Beard started the session explaining how staff has to support the vision of the council or, “We won’t get anywhere.” She said the city manager provides advice to the council, often based on staff research. She said the decision-making process needs to be defined, well-communicated, and there must be accountability.

Regarding operations and policy, “This is where is gets tricky,” she said. It’s really a Separation of Powers with council setting policy and the city manager in charge of operations. King has to be “politically savvy without being political. Being political is not a good career move” for a city manager, she added.

Asked the good and bad about staff, the council had a variety of answers.

Deets said of council, “We are not experts,” so they rely on staff for answers. However, he said sometimes memos from staff are so unclear he has to read them up to five times.

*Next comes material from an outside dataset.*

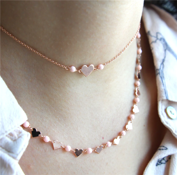 Girocollo incatenato con cuori intervallati da pietre rosa Tenerissima Io&Ro, la collezione di braccialetti per neonati in Argento 925, si amplia con nuovi colori e con gioielli dedicati ad adulti. Colore: rosa Misura: 41 cm + 3 cm estensione Finitura disponibile: Placcatura oro rosa Materiale: Argento 925 Nichel free Fatto in Italia, con amore

Fantroy-Johnson said she appreciates the research and gap analysis. She also likes the options and recommendations, along with memos that include background.

King said he struggles with that last part; he’s afraid too include too much.

Beard said Fantroy-Johnson appreciates that because she hasn’t been on the council as long as some others. So she said it’s good to provide links so councilmembers can get more background if they want it.

Schneider said she’s not afraid to ask the dumb questions because she doesn’t want to guess what something means. She appreciates that she can trust staff’s feedback.

Beard said when councilmembers see collaboration work elsewhere they should bring in back to the council so that they “can do it more often.”

Quitslund said he’d like staff the be more proactive, because as experts they know problems with code, so he’d like to see them bring it to the attention of the council.

Hytopoulos agreed with Quitslund that staff could share more professional insight – in the form of specifics rather than opinion.

Beard said that some staff has PTSD because their input hasn’t always been appreciated in the past.

“It hurts. It’s a hard thing to get over,” she said.